I would use a naive approach first, using a side-table; it will be close to a sweeping line algorithm.
The idea:
- iterate through the connections in order (ordered by start time here)
- keeping a set of the currently involved connections
The trick is to keep track of the connections efficiently, and especially of when to remove them; a priority-queue is great for this.
Some help:
struct Connection {
uint32_t start;
uint32_t end;
}; // struct Connection
// WATCH OUT:
// std::priority_queue only let you access the MAXIMUM element, so the predicate
// is the OPPOSITE of what we usually write...
struct OrderByEnd {
bool operator()(Connection const& left, Connection const& right) const {
if (left.end > right.end) { return true; }
if (left.end < right.end) { return false; }
return left.start > right.start;
}
}; // struct OrderByEnd
using CurrentlyOverlappingType = std::priority_queue<Connection, std::deque<Connection>, OrderByEnd>;
And then, we sweep:
size_t countMaxNumberOfOverlaps(std::map<uint32_t, uint32_t> const& connections) {
if (connections.empty()) { return 0; }
size_t max = 0;
CurrentlyOverlappingType currentlyOverlapping;
for (auto const& con: connections) {
// Purge no longer overlapping connections
while (not currentlyOverlapping.empty() and currentlyOverlapping.top().end < con.first) {
currentlyOverlapping.pop();
}
// Debug:
if (not currentlyOverlapping.empty()) {
std::cout << "[" << con.first << ", " << con.second <<
"] is overlapping with: " << currentlyOverlapping.size() << " connections\n";
}
// The current connection is necessarily overlapping with itself
currentlyOverlapping.push(Connection{con.first, con.second});
max = std::max(max, currentlyOverlapping.size());
}
return max;
} // countMaxNumberOfOverlaps
And it works as expected:
[120, 200] is overlapping with: 1 connections
[250, 400] is overlapping with: 1 connections
[600, 800] is overlapping with: 1 connections
Max number of overlaps: 2
The complexity is harder to fathom. You have to sweep through the whole set of connections, but at each step the amount of work is proportional to the current number of overlapping connections...
- Worst case complexity: O(N * log(N)) I would say (because inserting in the priority queue is logarithmic)

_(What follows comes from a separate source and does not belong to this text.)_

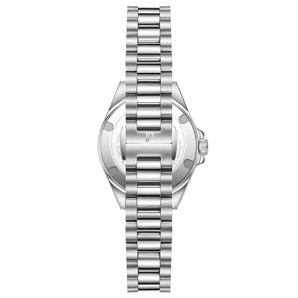 Часы Jacques Philippe JPQLS731386 из коллекции Infinitum — элегантные женские часы, сочетающие в себе швейцарское качество и современный дизайн. Корпус диаметром 30 мм выполнен из нержавеющей стали, а циферблат защищён сапфировым стекломСапфировое стеклоПрочный и надёжный материал из кристалла сапфира синтетического происхождения, характеризующийся особой твёрдостью и устойчивостью к царапинам и повреждениям.. Циферблат инкрустирован кристаллами. Внутри установлен швейцарский кварцевый механизм, обеспечивающий высокую точность хода. Водозащита 100 метров (10 ATM) позволяет использовать часы для плавания и других водных видов спорта. Браслет из нержавеющей стали с застёжкой бабочкаЗастёжка "бабочка"Такой вид застёжки дополняется предохранителями, помогающими избежать случайного раскрытия браслета. Обладают изящным исполнением. обеспечивает комфортное ношение и надёжную фиксацию на запястье. Эти часы идеально подойдут для тех, кто ценит сочетание классического стиля и современных технологий.

- Average case complexity: O(N * log(O)) where O is the number of overlapping connections
Note: in the algorithmic analysis, I considered that the complexity of the purge part is amortized constant; we know items are going to be purged, so we can account for their purge in the cost of their insertion. N items are inserted, N items are going to be purged. The number of comparisons executed as part of the purge process is (I think) also amortized constant (the total for all items being bounded by a maximum of 2N) although it's intuition and not computation. And therefore, the cost of the purge is dwarfed by the cost of inserting the items in the priority queue, which log(O) per item.